The good news is, we have made some progress since the 1970s in doing more research on women’s health. Government policies now require the inclusion of women in medical research, however these policies are not strictly enforced.

 Because of COVID-19, it was discovered that male and female immune systems are also different - males were much more likely to ‘die’, while females were more likely to survive but develop ‘Long Covid.’ 

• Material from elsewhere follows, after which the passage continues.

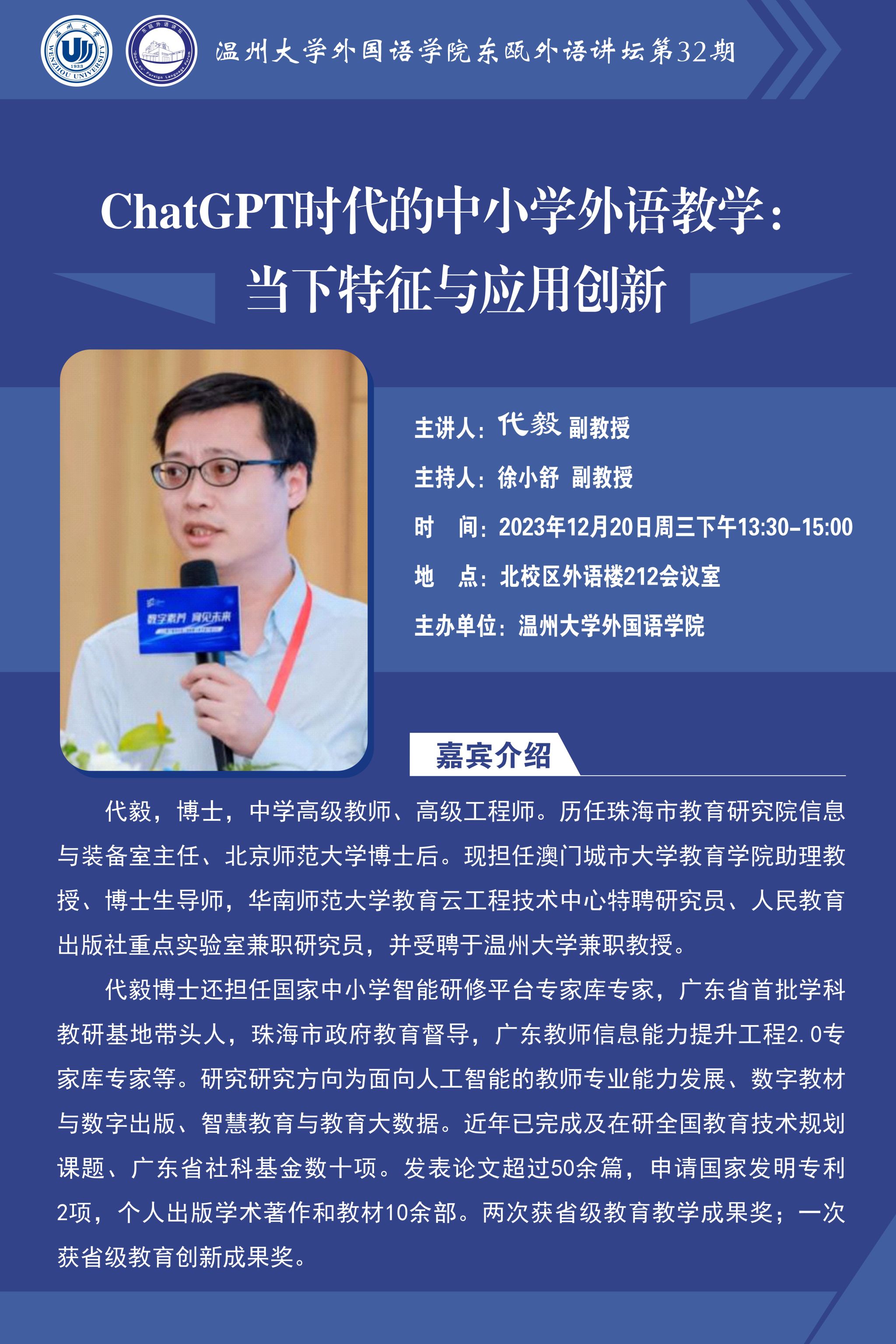 东瓯外语讲坛第32期预告:ChatGPT时代的中小学外语教学:当下特征与应用创新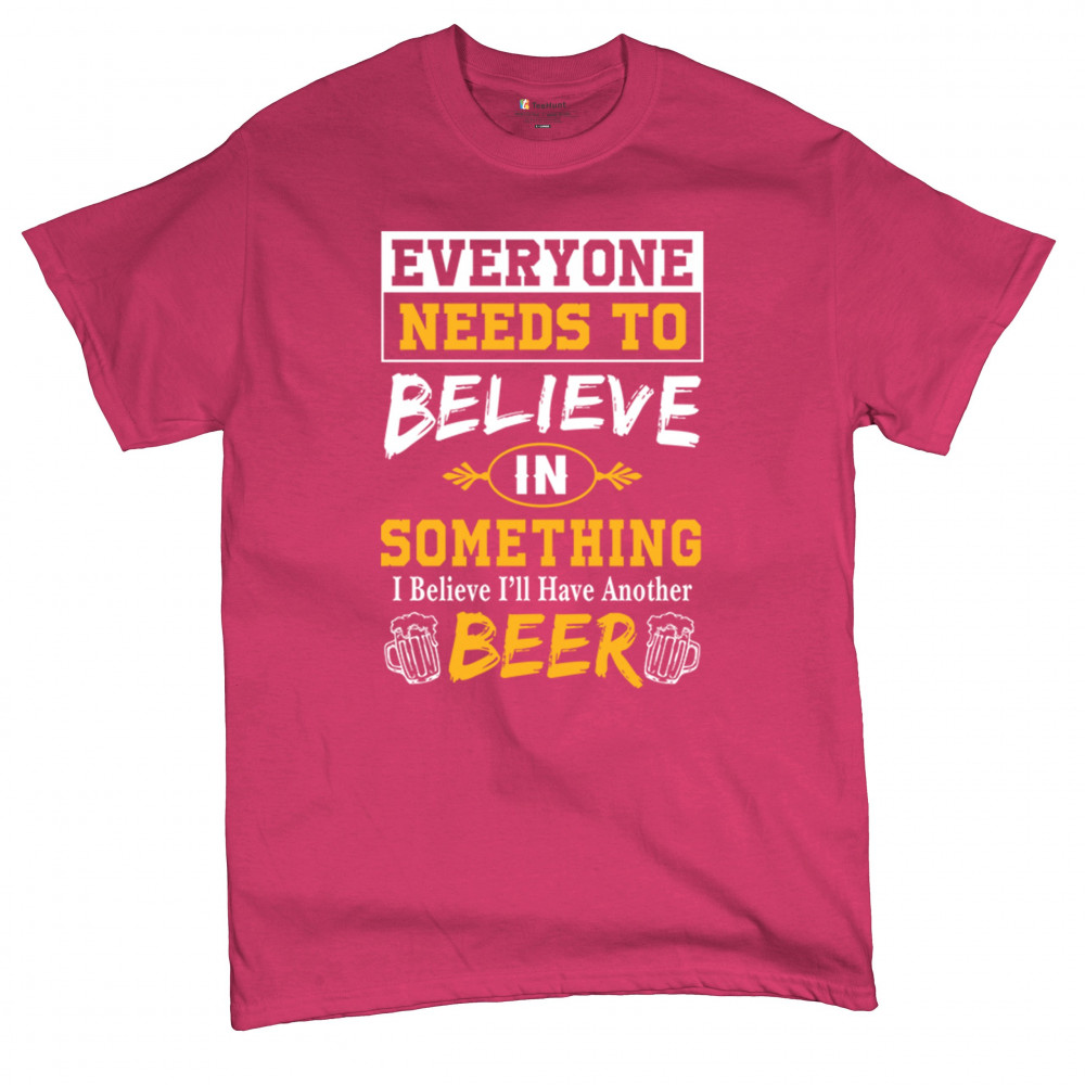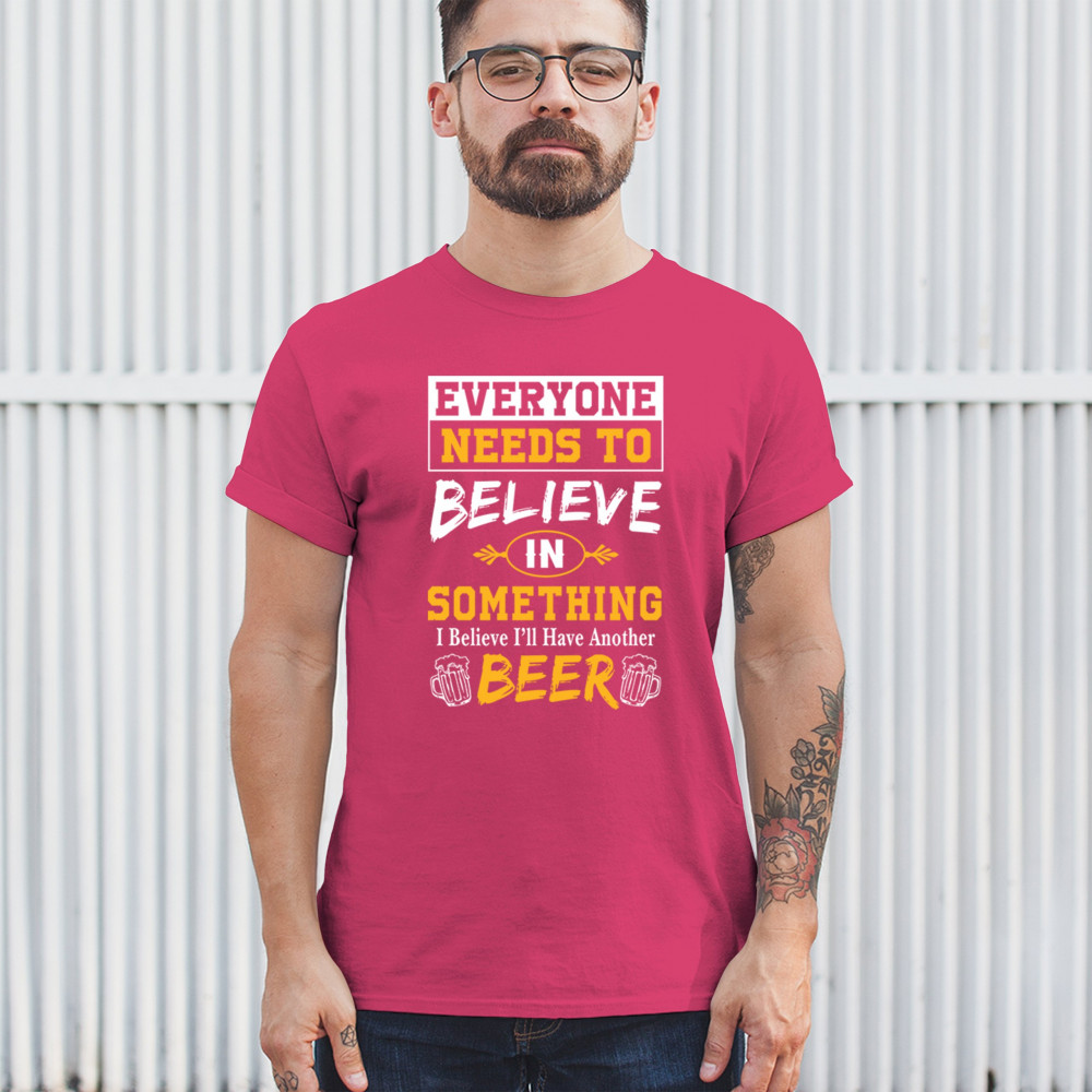 Celebrate your love for beer with the witty "Everyone Needs to Believe in Something, I Believe I'll Have Another Beer" design. Perfect for beer lovers and casual outings.

Due to more research, there is also new technology that can quickly detect breast cancer.
In 1991, the Women’s Health Initiative (WHI) study enrolled 161,000 women to study whether menopausal hormone therapy (MHI) could reduce the risk of cardiovascular diseases. Because of this study, we were able to find a bit more about the different effects of different hormones and hormone replacement therapy in a woman’s body. However, Dr Primavera  Spagnolo says, “female-exclusive conditions such as menopause and endometriosis are not the focus of a lot of research, especially translational research where discoveries are translated into products and treatments’, and that menopause is still very under-studied because it is something that only affects women. (Colino, 2024) For example, it take 7-8 years on average for a woman to be diagnosed with endometriosis (another condition that can only affect women).


The NIH (National Institute of Health) has uncovered useful information about how diseases and conditions affect women differently, and how biological and social factors influence multiple diseases, however researchers still neglect separating their results of males and females.

The first step to overcome this issue is changing the mindsets of everyone, including doctors themselves. Unfortunately, there still exists “medical misogyny” as it was uncovered that ‘⅔ of females nationwide have encountered gender bias or discrimination in healthcare’, usually being referred to as ‘hysterical’ when seeking treatment for a range of symptoms, which has even led to some women being misdiagnosed, such as in Nadiah Akbar’s story. (Ritchie, 2024)

The gender bias and belief of ‘delivered by and designed for men’ has been in medicine for centuries, and is still engraved in modern medicine. In the past, women’s pain was attributed to emotional causes rather than biological, and that is something still many people tend to unconsciously think.

A lot more work needs to be done a lot quicker to make up for the decades of lost time. 

Good healthcare for all everywhere is a UN Goal and a global priority. By making sure women are also receiving specialised healthcare can make a huge social and economic impact in countries worldwide, and we can simply resolve this by funding more medical research for women, and enforcing stricter rules on separating results of males and females during clinical trials, rather than generalising.

On more local ground, we can help by standing for equity, putting pressure on governments, spreading awareness and educating about this gender discrimination (as it tends to be overlooked), and calling out gender bias by healthcare professionals. 

We can change this flawed part of our system by working together, and bring a tremendously positive, necessary change. Even if one size doesn’t fit all, an equitable society definitely fits all.